Dense retrieval relies on the property that search queries will be close to their relavant results in the embeddings space. Typical steps with dense retrieval:

Embed the query by projecting it into the same space as our text achive
Find the nearest documents to the query in that space as the returned search results

Note that we should build a search index for the text achive that we want to make searchable, so they can be retrieved later.

Caveats of dense retrieval

Caveat	Solution
What happens if the texts don’t contain the answer?	- Set a threshold level (i.e., max distance for relevance) - Track whether users clicked a result (for feedback)
What if a user wants an exact match for a specific phrase?	Use hybrid search (combine semantic search with keyword search) instead of relying only on dense retrieval
What if the query is outside the domains the models were trained on?	Improve and expand the text archive; consider domain-specific data or models
What if a query asks for info that appears across many sentences?	Tune the chunking strategy (see “Ways to chunk long text” below)

Table: Summary of dense retrieval caveats

Ways to chunk long text

Language models are usually limited in context sizes and we cannot feed very long texts. Also, longer texts may make it harder to find a small piece of info. As a result, we need to chunk the long texts into smaller pieces. There are several ways:

Use a single vector to represent the whole document - it can satisfy some info needs, but not others. For example, it’s hard to search for a specific piece of info contained in an article in this method.
Multiple vectors per document - It has full coverage of the text and tends to capture individual concepts better with more expressive search index, but more expensive.

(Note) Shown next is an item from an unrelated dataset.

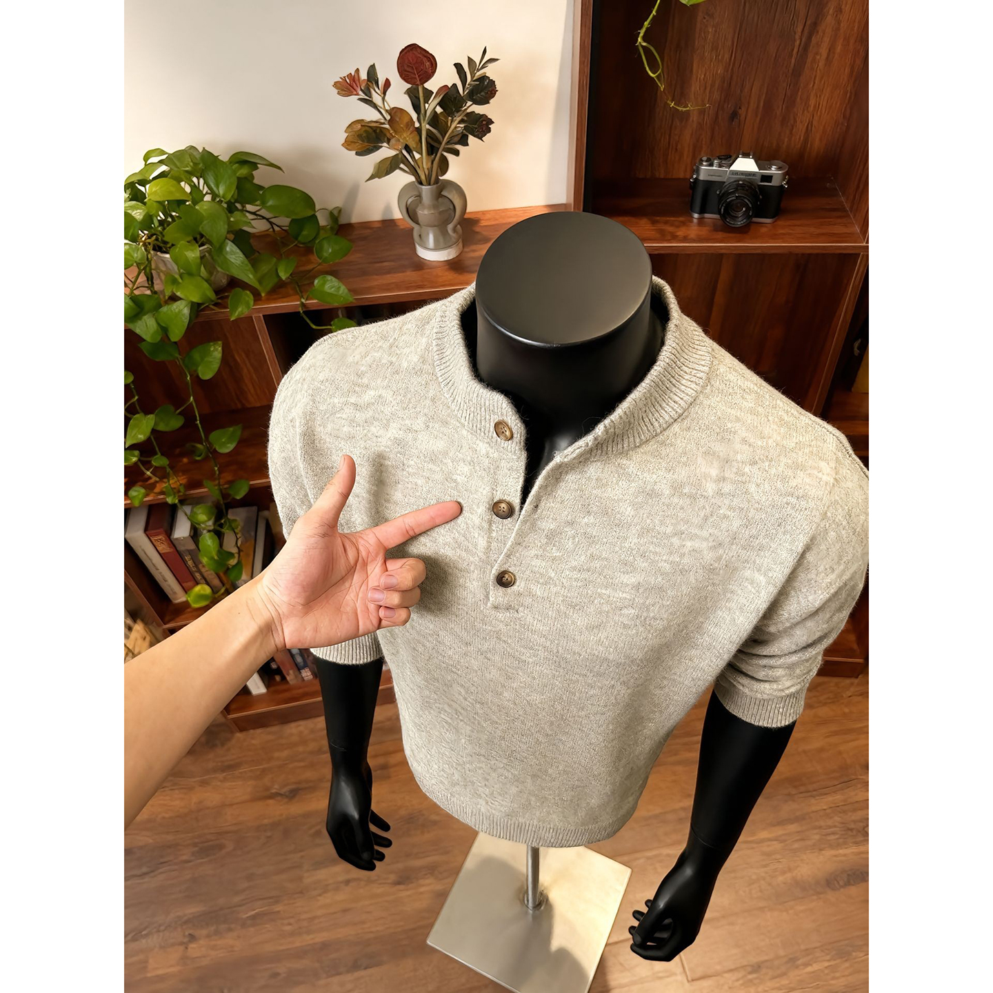 cleanfit花灰色美式 亨利领毛衣男秋冬慵懒高级感针织内搭打底线衫

The best way to chunk the long text depends on teh types of texts and queries the system anticipates.

Nearest neighbor search vs vector database

Search method	Use case
Nearest neighbor	The number of vectors is small (e.g., thousands or tens of thousands of vectors)
Approximate nearest neighbor	Millions of vectors (example libraries: Annoy, FAISS)
Vector databases	Millions or more vectors (example DB: Pinecone). Allows adding or deleting vectors without rebuilding the index, and provides filtering and other customization beyond simple vector distances.

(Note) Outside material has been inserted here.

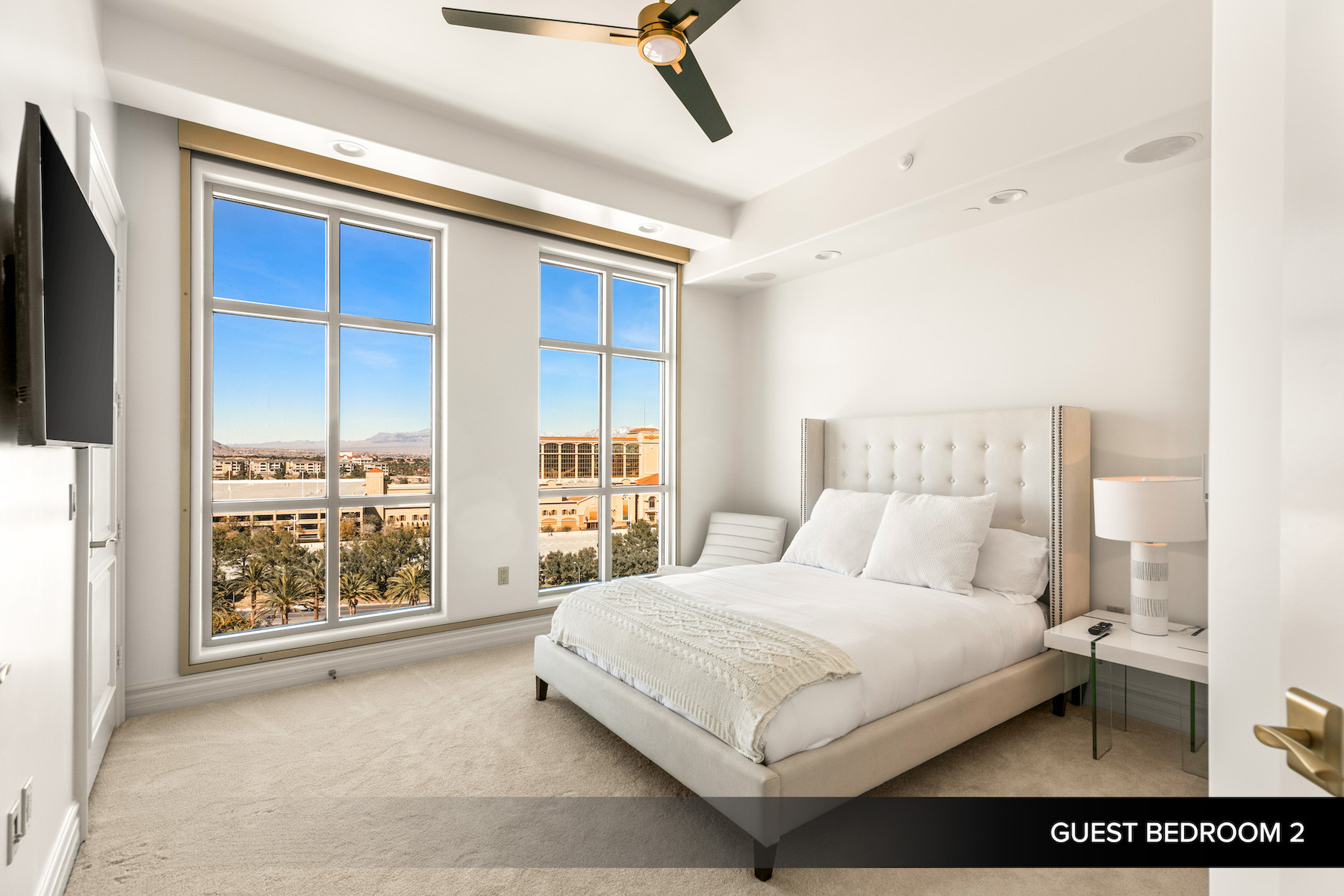 There are three additional bedrooms with ensuite baths and includes dedicated, secure garage parking for three vehicles. Enjoy a private express elevator from your garage that opens directly into the unit. One Queensridge Place is a coveted address with unique amenities including an on-staff barista, indoor and outdoor pools, spa, resort-style gym, 25-seat theater, poker room and much more. If you are looking for the finest and most secure luxury rental, this is it.

Table: Summary of search method and use cases.

Fine-tuning text embedding models for dense retrieval

Retrieval needs to be optimized in text embeddings instead of just token embeddings to improve the performance of an LLM. This can be done by fine-tuning the LLM models with training data of queries and relavant results.

Reranking

An easier way to incorporate language models in an existing search pipeline is to use it as the final step to change the order of the search results based on relevance to the search query.

reranker as part of the search pipeline — Fig. Reranker as part of the search pipeline to reorder the shortlisted search results by relavnce. .

How reranking models work?

A popular way is to present the query and each result to an LLM working as a cross-encoder, then output the relevance score of each result, which will be used to determine the new ranking order. See more details in the paper “Multi-stage document ranking with BERT”.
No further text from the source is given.